WHAT YOU WILL DO:
Taking the listing below, restate word for word each line from the line with "11月28日下午,东华理工大" to the line with "경남FC가 30일(토) 오후", ends included, and stop there.

DATA TO PROCESS:
##########
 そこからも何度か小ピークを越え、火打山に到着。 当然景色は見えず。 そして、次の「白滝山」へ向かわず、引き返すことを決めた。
##########
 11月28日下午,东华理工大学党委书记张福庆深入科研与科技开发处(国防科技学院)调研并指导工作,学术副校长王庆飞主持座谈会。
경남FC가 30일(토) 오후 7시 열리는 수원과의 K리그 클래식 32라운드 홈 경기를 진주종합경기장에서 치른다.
##########
EXERCISE RESULT:
 11月28日下午,东华理工大学党委书记张福庆深入科研与科技开发处(国防科技学院)调研并指导工作,学术副校长王庆飞主持座谈会。
경남FC가 30일(토) 오후 7시 열리는 수원과의 K리그 클래식 32라운드 홈 경기를 진주종합경기장에서 치른다.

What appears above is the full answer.